The Morning After
I woke up on Wednesday, November 8 to the ringing of my alarm and a re-elected president. I went to slam the snooze button and ended up looking through the photos that I had taken the previous night. There’s a picture of my friend coloring Minnesota blue; her grin stretches to both ears and her eyes exude the pride she has in her home state. There’s a photo I took of a group of my friends erupting with joy upon Elizabeth Warren’s triumph—their faces alive with the realization that their volunteer work had paid off and their hands waving high in the air. There’s a video I took of everyone in Hotung Café chanting “four more years”—a chant that reverberated through the Campus Center, full of life and full of joy.
It doesn’t take much data analysis to conclude that this November’s election was a big night for liberal voters. President Barack Obama won. So, too, did Elizabeth Warren, beating out Republican Scott Brown in a heated senate race. Warren’s win contributed to the Democratic Party’s now 10-seat majority in the Senate. The legalization of marijuana occurred in both Washington and Colorado; medical marijuana was legalized here in Massachusetts. In Minnesota, a constitutional amendment was voted down that would have defined marriage as only between one man and one woman. In Maine, Maryland, and Washington, the traditional definition of marriage was redefined by popular vote.
If anything, though, this year’s election proved that half of us have evaluating to do and the other half of us have some reevaluating to do. It’s no secret that the Republican Party was, by and large, defeated in this election by a considerable margin. It’s time for the Republican Party to deconstruct its static social platforms and make way for a new generation of younger conservatives who aren’t stuck in a rut of medieval values. If the party can’t do this—if it can’t make itself more compatible with this gradually liberalizing country—I can’t see it staying afloat. Structural changes to the party won’t be easy, and I imagine it will be met with strife, but, whether the elephants like it or not, they at least have to concede to the idea that change is necessary, if not the only thing that will save them.

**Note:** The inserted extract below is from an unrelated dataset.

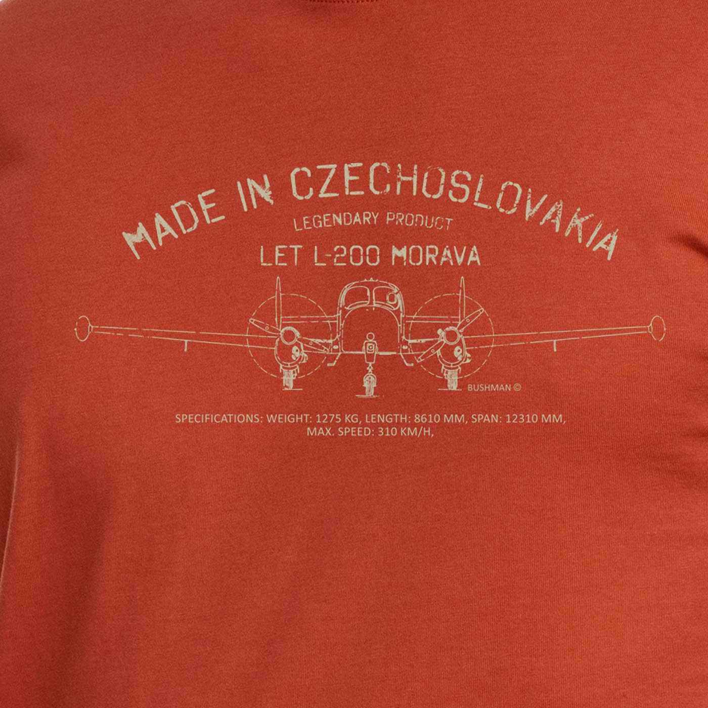 We appreciate things that have conquered the world or the hearts of past generations. It was supposed to become a new air taxi, and its development began at the future Let Kunovice factory in 1955. The twin-engined, self-supporting low-wing Let L-200 Morava for one pilot and three to four passengers is currently used mainly for sightseeing flights due to its popularity and quality. With a special edition of prints on these short-sleeved cotton T-shirts, BUSHMAN pays tribute to legendary products "made in Czechoslovakia." 100% cotton, 180 g/ms2, straight cut.

Republicans already made the wise step to not re-elect—I’m sorry, but—idiots like Todd Akin, who made the now notorious comments about “legitimate” rape. That’s a really smart and solid first step in gaining back the favor of the country, but it’s not enough. The party needs to find a way to bridge the polarizing generational gap created primarily over disagreement in social views; this fundamental separation has brought the party to a fairly visible stalemate. I’m not talking about the Republican Party as a whole when I suggest these courses of action—of course representatives like Todd Akin don’t reflect the values of the majority of the party; of course not all members of the party share ultraconservative social values—but it’s at least a noticeable trend that needs rectifying if we’re to have a working bipartisan system.

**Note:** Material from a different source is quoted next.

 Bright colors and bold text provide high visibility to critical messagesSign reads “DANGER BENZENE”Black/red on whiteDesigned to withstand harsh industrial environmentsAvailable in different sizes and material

Democrats and liberals, have some evaluating to do, as well. It’s time to drop the party hats, noisemakers, and fireworks and think about how the next four years will go in terms of institutional social changes. The problem that liberals can and will run into is a lack of pragmatism moving forward. Just as I think the Republican platform should align to more contemporary social views, Democrats have to be wary that the country as a whole won’t change in one day—hell, it won’t change in four years. It’s going to take time and it’s going to take a rational, systematic approach. This involves not chastising Obama because he won’t support a same-sex marriage amendment on a federal level—of course he won’t; it’s explicitly a state’s right and the Defense of Marriage Act (DOMA) will likely soon be ruled unconstitutional for that same reason.
We have to contextualize Obama’s policies not on an individual level, but within the framework of the whole nation. Yes, liberals can and should keep pushing for social change; if anything, this election proved what good comes of doing that. But change is never going to happen overnight—we legalized same-sex marriage in three more states, but we still have 80% of the country to go. Push, scream, shout, yell, but be systematic and do it with rational, obtainable goals. Nothing good will come of doing otherwise.

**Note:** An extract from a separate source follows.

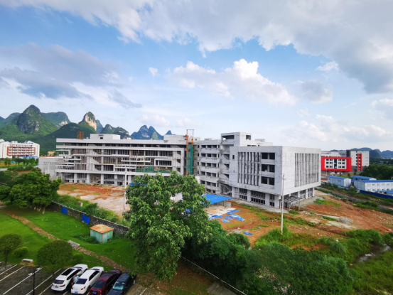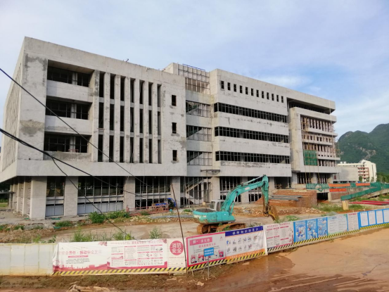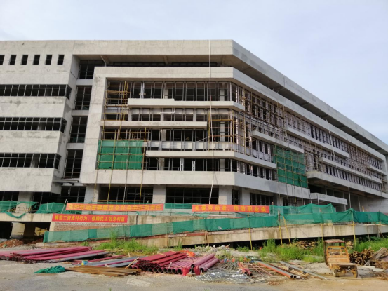 图书馆完成幕墙龙骨安装,窗框安装、消防管道安装,正在进行暖通管道安装。
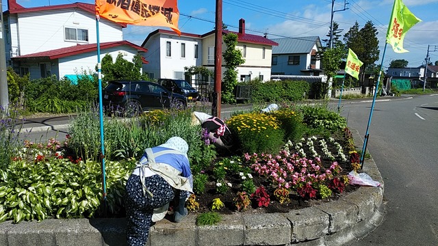 ロータリーの雑草取り。植えた花々も大きく育ってきました。

But reevaluation of our respective political platforms is for naught if we cannot at least try to actively engage in bipartisanship. Right now, we don’t have a two-party system. It just doesn’t exist. Sure, we act on the myth that we have a grand system that balances itself out, but we absolutely don’t and to say we do implies ignorance. Instead, what we have is an unbalanced, uncooperative system that—on both ends of the spectrum—nearly flat-out disregards what the other side is trying to say. I was completely furious during the debates when one candidate would speak and the other candidate would either interrupt with what they thought was the superior assertion or just sit there and smile or laugh condescendingly. That achieves nothing; it’s arrogant, childish, and representative of our partisan system as a whole. We’re a divided nation and that would be fine if we could at least give each other, for one second, the time of day.
Be passionate about your views, be angry about injustice, be outspoken about what you want done—but for the sake of the country, and consider the other side of your argument. Consider that, for each one of our opinions, there are hundreds more to be considered. These next four years are a great opportunity for reevaluation; it’s not going to be easy, but it never has been and it never will be. It’s necessary, though, for the progression of our nation, its strengths, its weaknesses, its well being, and its people.